A number of techniques for the characterisation of organic molecules related to biological activity on ice surfaces have been used during the field campaigns, showing, for instance, that microbial communities on the ice surface are able to emit volatile organic carbon at the same order of magnitude as in tundra ecosystems. Furthermore, a significant fraction of the volatile organic carbon produced have been identified as anti-fungal metabolites. This information combined with the high rates of fungal parasitic infection on glacial algae demonstrate the chemical warfare that happens in microbial communities from the ice surface.

We have produced the first harmonised satellite remote sensing data for albedo variations in the Dark Zone, from 1984 to 2020 (https://github.com/fsn1995/Remote-Sensing-of-Albedo(s’ouvre dans une nouvelle fenêtre) Feng et al, 2023, doi: 10.1017/jog.2023.11). There has been widespread community uptake of the BIOSNICER GO radiative transfer model (https://github.com/jmcook1186/BioSNICAR_GO(s’ouvre dans une nouvelle fenêtre)) the state of the science model for calculating the impact of both organic and inorganic particulates on ice melt. New methodology has been developed for measuring the adsorption capacity of glacier ice algal cells, providing new fundamental data for use in radiative transfer models. Our work on nutrient chemistry shows that future expansion of the Dark Zone is unlikely to be macro-nutrient limited, removing one of the key hurdles that confounds widescale darkening of the ice sheet in a warming climate.

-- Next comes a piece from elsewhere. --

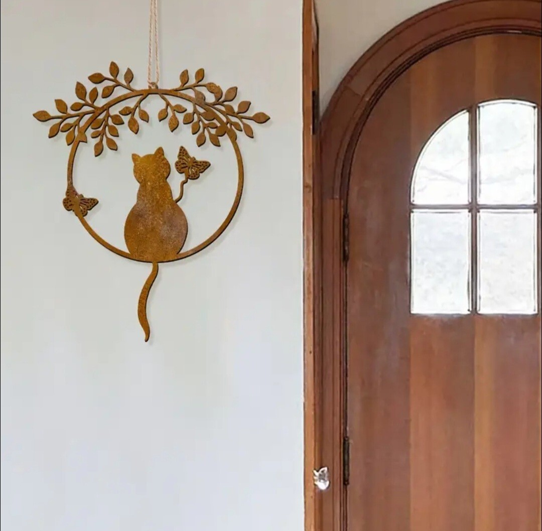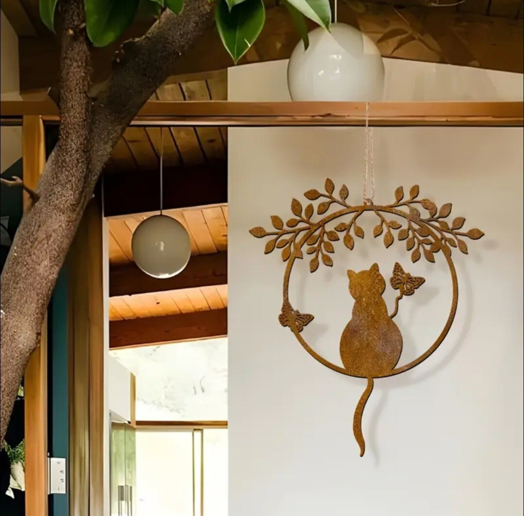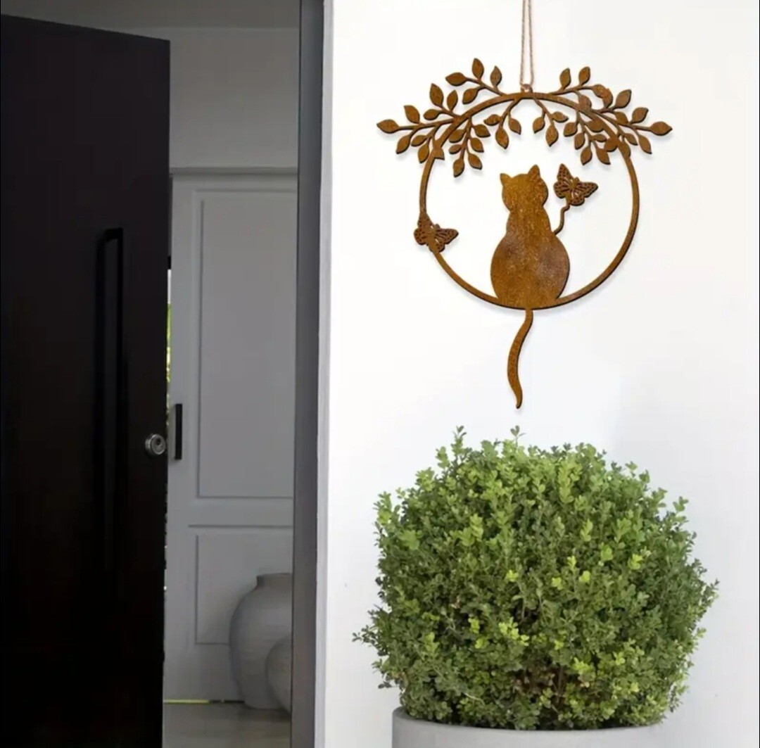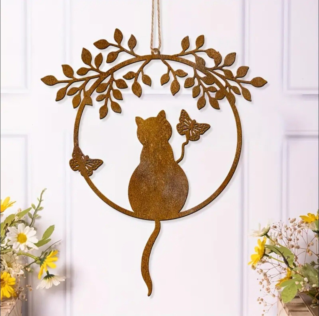 猫をモチイフした金属製のガーデンオブジェです。錆び加工しております。

We are close to publishing a full genome of the glacier algae and to provide in-depth understanding of their characteristics and evolutionary traits that allow them to survive and thrive on ice surfaces. This will have a high impact in the subject area, considering that the glacier ice algae do not only inhabit the Greenland Ice Sheet, but glaciers worldwide.

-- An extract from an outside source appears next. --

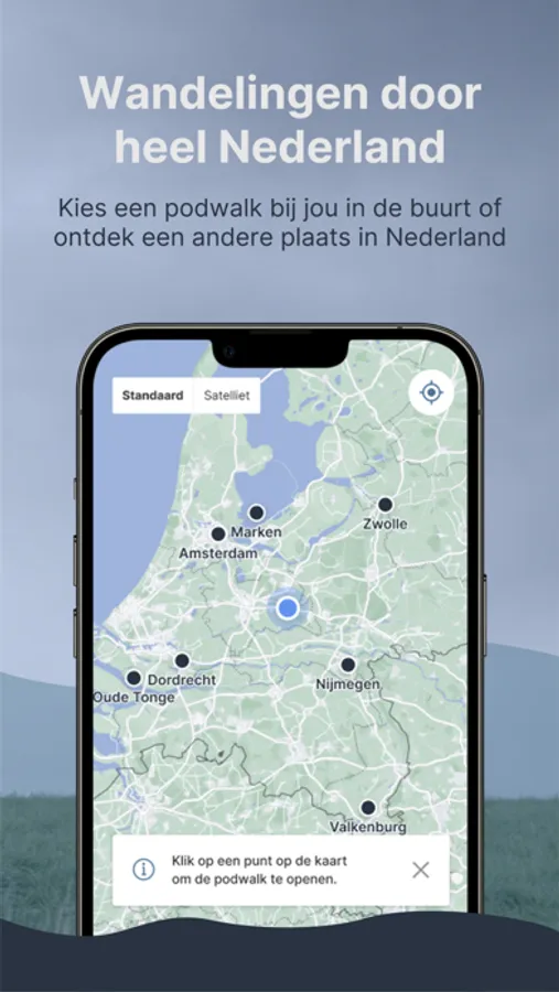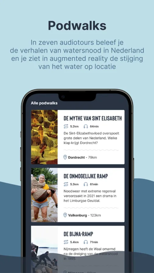 Met de podwalk app wandel en luister je tegelijkertijd. Wandel mee met Winfried Baijens door gebieden in Nederland en luister naar verhalen over watersnoodrampen uit de geschiedenis en over de bescherming tegen het water in de toekomst.

We have designed, tested and validated new methods to collect, preserve, process and analyse the very low levels of organic carbon contents in the melted snow and ice by avoiding any use of plastics in the procedures. Using a similar approach, we also optimized the extraction and analyses of the complex carbon species contained in all filtered particulates by developing and optimising a series of extraction and analyses protocols for high-resolution mass spectrometric analyse of all organic compounds (incl. pigments, metabolites and carbon species) in all cases to very low levels.

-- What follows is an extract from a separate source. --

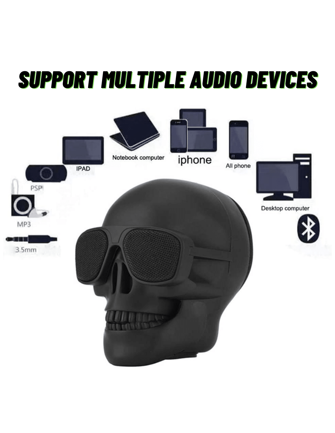 Boxa portabila tip craniu - un cadou interesant pentru cei pasionati de muzica! Boxa are o forma foarte interesanta, iar butoanele si sloturile pentru conectare se afla pe partea din spate.

The understanding of the nutrient requirements from single cell nutrient analysis is allowing refinement of the culturing work that will allow for the next generation of laboratory experiments with glacier ice algae. This would include, for example, understanding of how ice algae interact with other members of the microbial community, mechanisms for production of photo-protective pigments (that ultimately impact on albedo), and their adaptation mechanisms to freeze-thawing conditions.